Zippidy Doo Da

I'm not stupid, I'm from Texas!

Thursday, September 13, 2007

Devil Take the Hindmost

-I heard this today on “Marketplace” from economist Andrew Marcellus:

“The basic economics of risk in hurricane zones is crystal clear. The only people who should live in killer storm zones are those who can afford very expensive insurance and storm-proof housing. But what about the millions of poor and working people who can't afford either but are essential to coastal economies?

We could provide them with subsidies so that they can afford insurance. But we don't have to. Instead, we can safely gamble that sheer economic necessity will bully our soldiers, police, construction workers, and day-care providers into accepting their exposure to Mother Nature. But do we really want to bet that we can tear up the social contract and maintain social order?

Business reality demands it. It's cheaper for society to rescue disaster survivors after the fact than protect them from Nature's nastiness. Social unrest? Yes, we'll have that, but not riots or radical politics. These people are simply powerless at work and in politics.

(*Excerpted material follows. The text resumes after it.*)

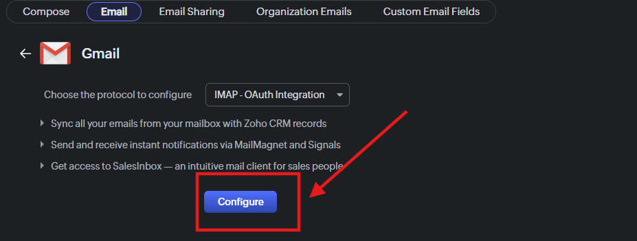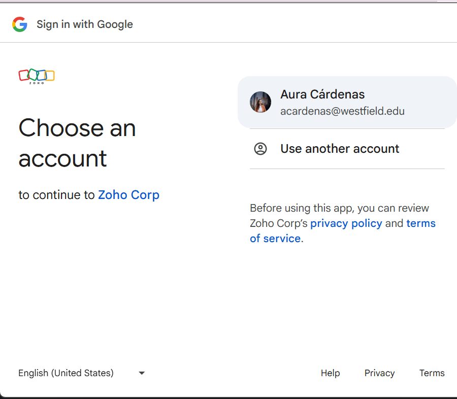 Nos solicitará realizar el login en google para dar autorización a zoho que se integre con nuestro correo.

Profound alienation? Sure. We'll have legions of migrants as climate change proceeds. Continually displaced populations will commit more crimes. Prisons will be the warehouses for these climate migrants.

Impossible? No. Think Mexico City, Mumbai, Nairobi, Sao Paulo, Cairo.

There, elites maintain enough distance between themselves and everybody else that they don't have to give a darn about the majority living at the mercy of the weather.

I have no idea what will happen in an urban society in an advanced capitalist country with a large, floating population continually displaced by climate risk. But neither does anyone else. It's another step in globalization where the U.S. begins to join the "third world."

And that's why this is a bad, bad bet.”